- I -
He stood as the living embodiment of the Brotherhood's core values, built by his own hands into the man his birthright decreed. During the ten years of his ascent from lowly squire to respected Elder, he had shaped his image into that of a leader—a beacon that inspired others to follow. His people looked to him for validation and guidance, unmindful of his youthful age in light of his proven skills. No other individual shared his credentials, his drive, or his vision.
For his very soul was forged from eternal steel.

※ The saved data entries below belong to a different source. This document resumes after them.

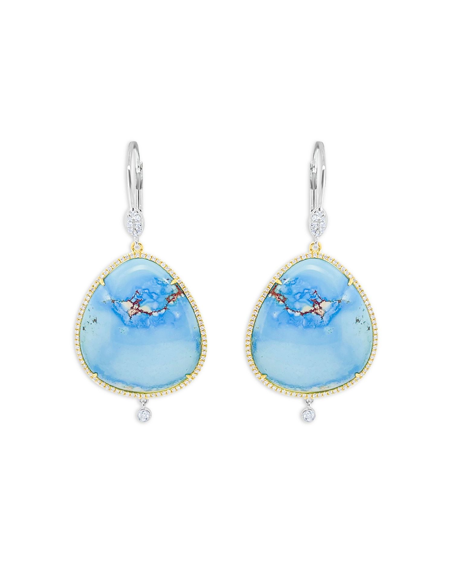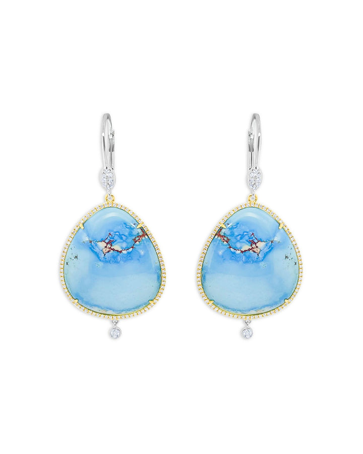 These 14K Yellow Gold White Topaz & Diamond Halo Dangle Huggie Hoop Earrings by Meira T feature vibrant turquoise stones highlighted with sparkling diamonds. The combination of two-tone gold and the stunning contrast of turquoise and diamonds makes these earrings an eye-catching statement piece, perfect for those who love bold, colorful jewelry with an elegant touch.
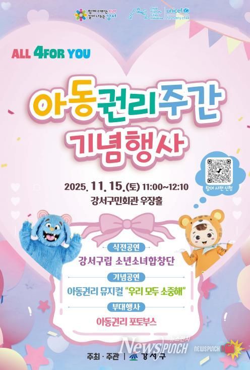 뉴스펀치 김완규 기자 | 서울 강서구가 오는 15일부터 21일까지 일주일간 '2025년 아동권리주간'을 운영한다.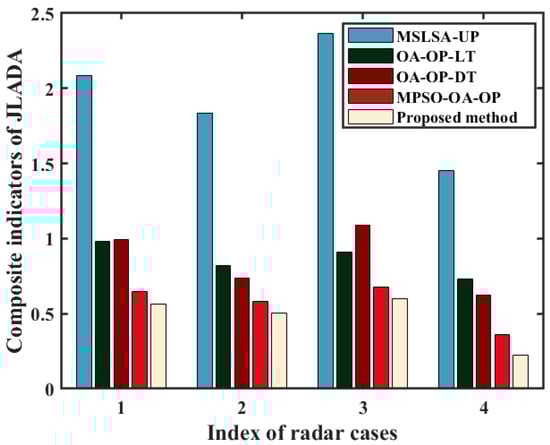 The above four benchmark algorithms are compared with our proposed algorithm in terms of the composite indicator of joint localization accuracy and discrimination ability (JLADA). To be specific, the results of resource allocation by using the four benchmark algorithms are substituted into the model established in this paper, and then the objective function values in (18) are calculated under the constraints of the binary judgments of (19) and (20). The comparative analysis of composite indicators of JLADA based on different resource allocation strategies is demonstrated in Figure 6.
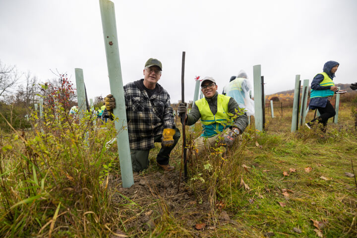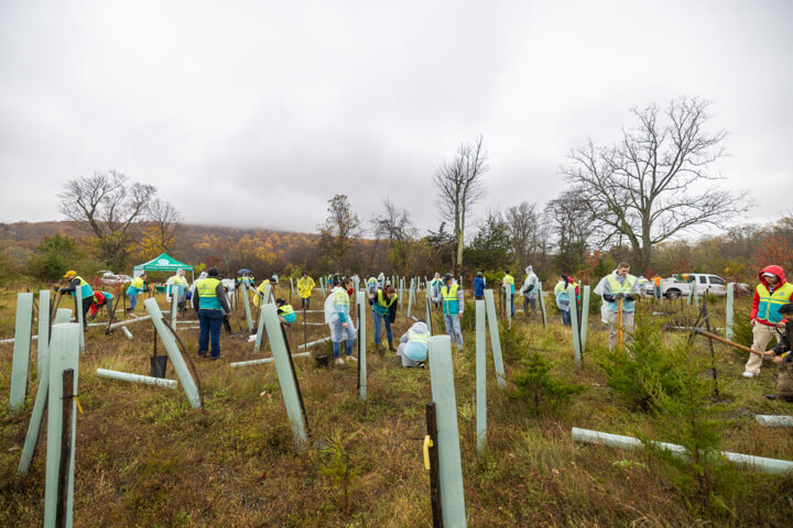 Fifty ASEZ WAO volunteers planted 100 tree saplings at the Outdoor Discovery Center in Cornwall, New York, on Sunday, October 29, 2023. The tree planting effort is ASEZ WAO’s Mother’s Forest Campaign to plant 7 billion trees to reduce greenhouse gases.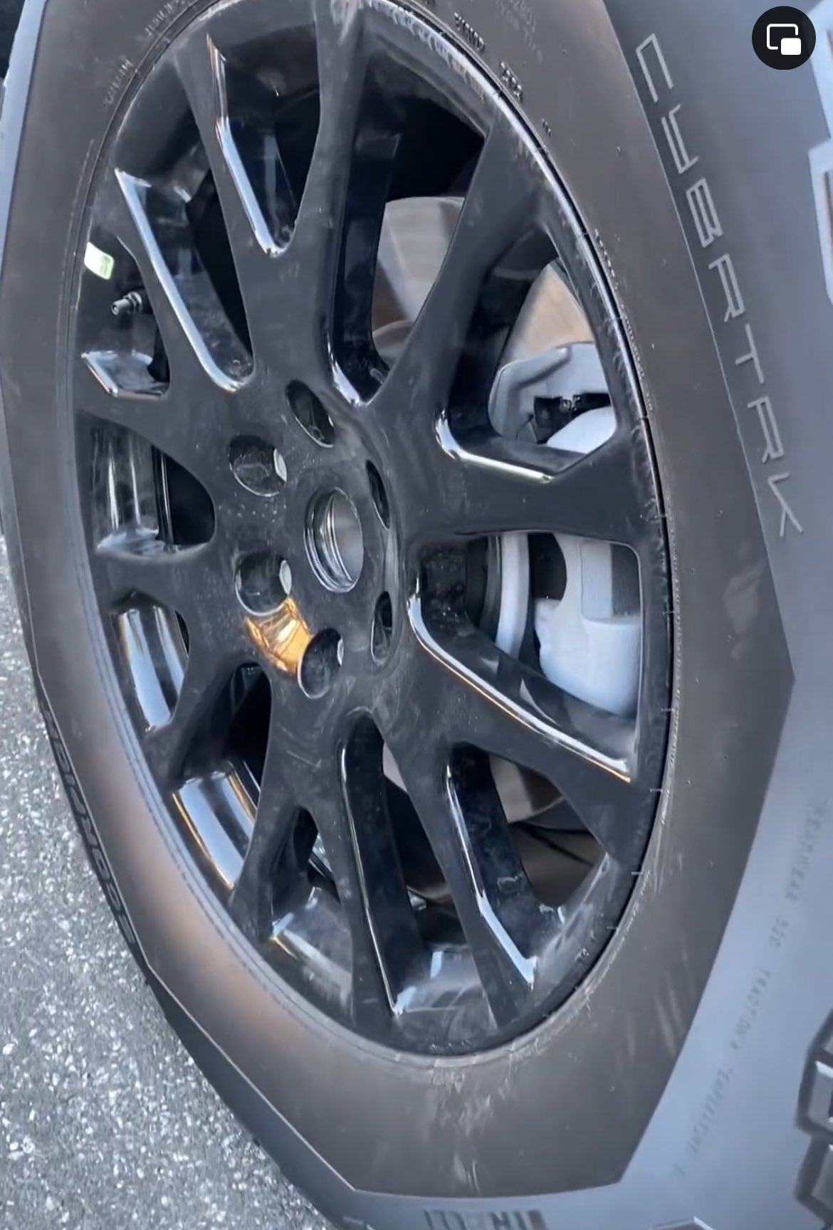 3. 목격된 사이버 트럭에 보면 타이어에 'CYBRTRK'라고 새겨져 있습니다.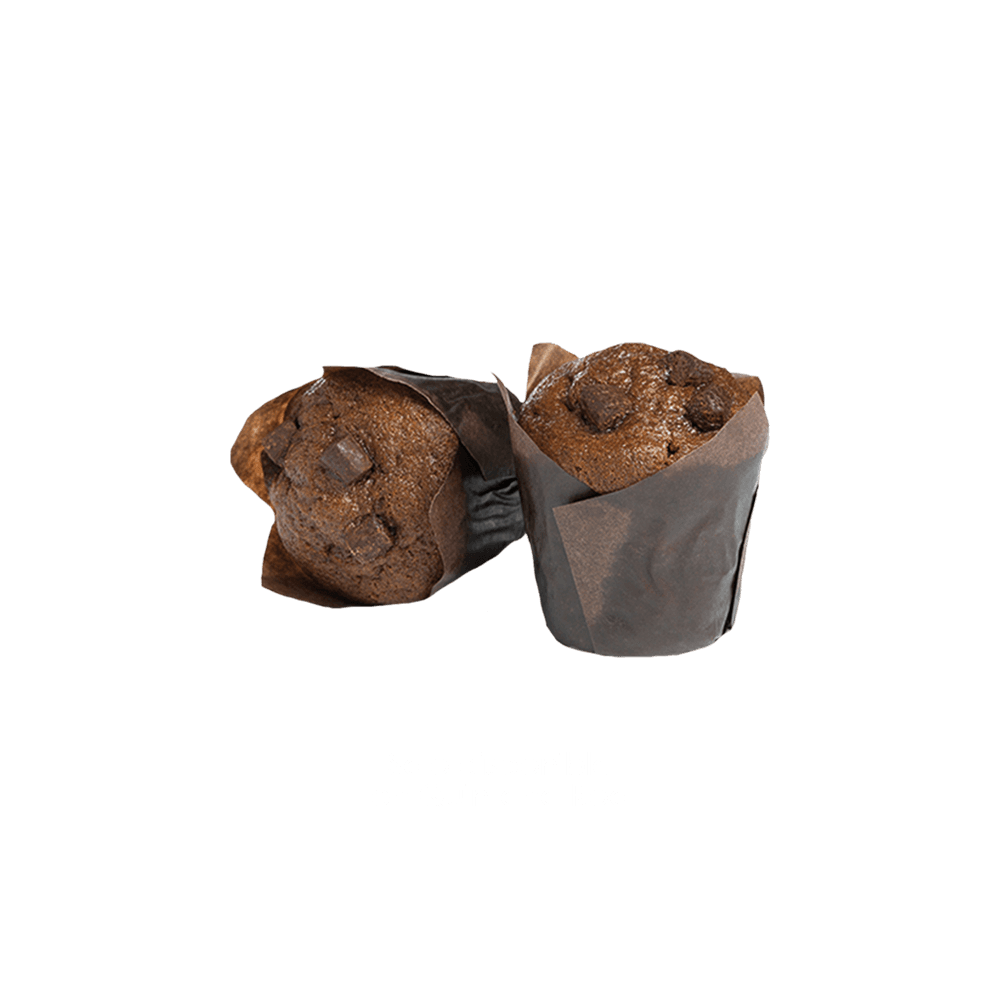 Mini muffin de chocolate con trozos de chocolate (6%). Una presentación elegante y apetitosa, que realza cualquier buffet y acompaña perfectamente al café.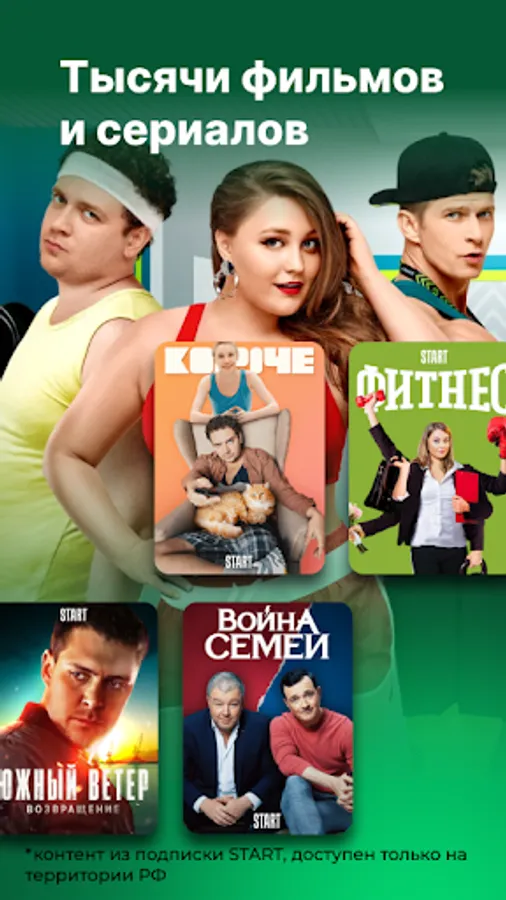 In the packages Kinomir and START you will find such popular films and series as "Kept Women", "Couple from the Future", "Grand", "Native", "Vampires middle lane", "Mediator", "Former" and others. New weekly updates!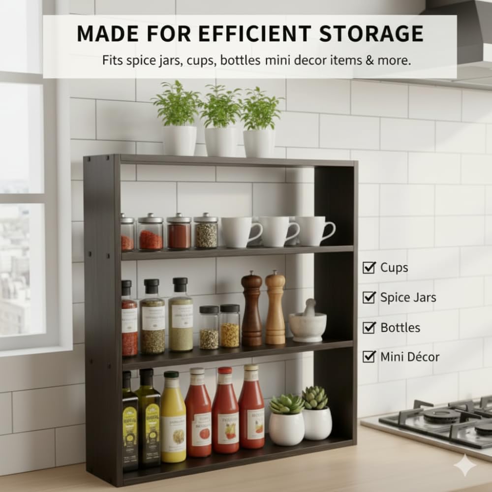 Upgrade your kitchen organization with the Tier Wooden Wall Shelf — a practical and stylish storage solution for modern homes. Designed to free up counter space, this wall-mounted rack helps you neatly organize spices, condiments, jars, bottles, cups, and more. Made from high-quality engineered wood, it offers strength, durability, and resistance to everyday wear.

And yet, for one perched so high on the metallic pedestal, his gaze sometimes shifted from the horizon to the ground. He often caught himself watching the shine of golden blonde hair crossing the airport below. The Brotherhood's newest knight carried out her assignments diligently and without hesitation, and not a day went by where she failed to report in. She opted to wear the T-45 power armor instead of the newer T-60, a choice that struck him as both peculiar and disquieting.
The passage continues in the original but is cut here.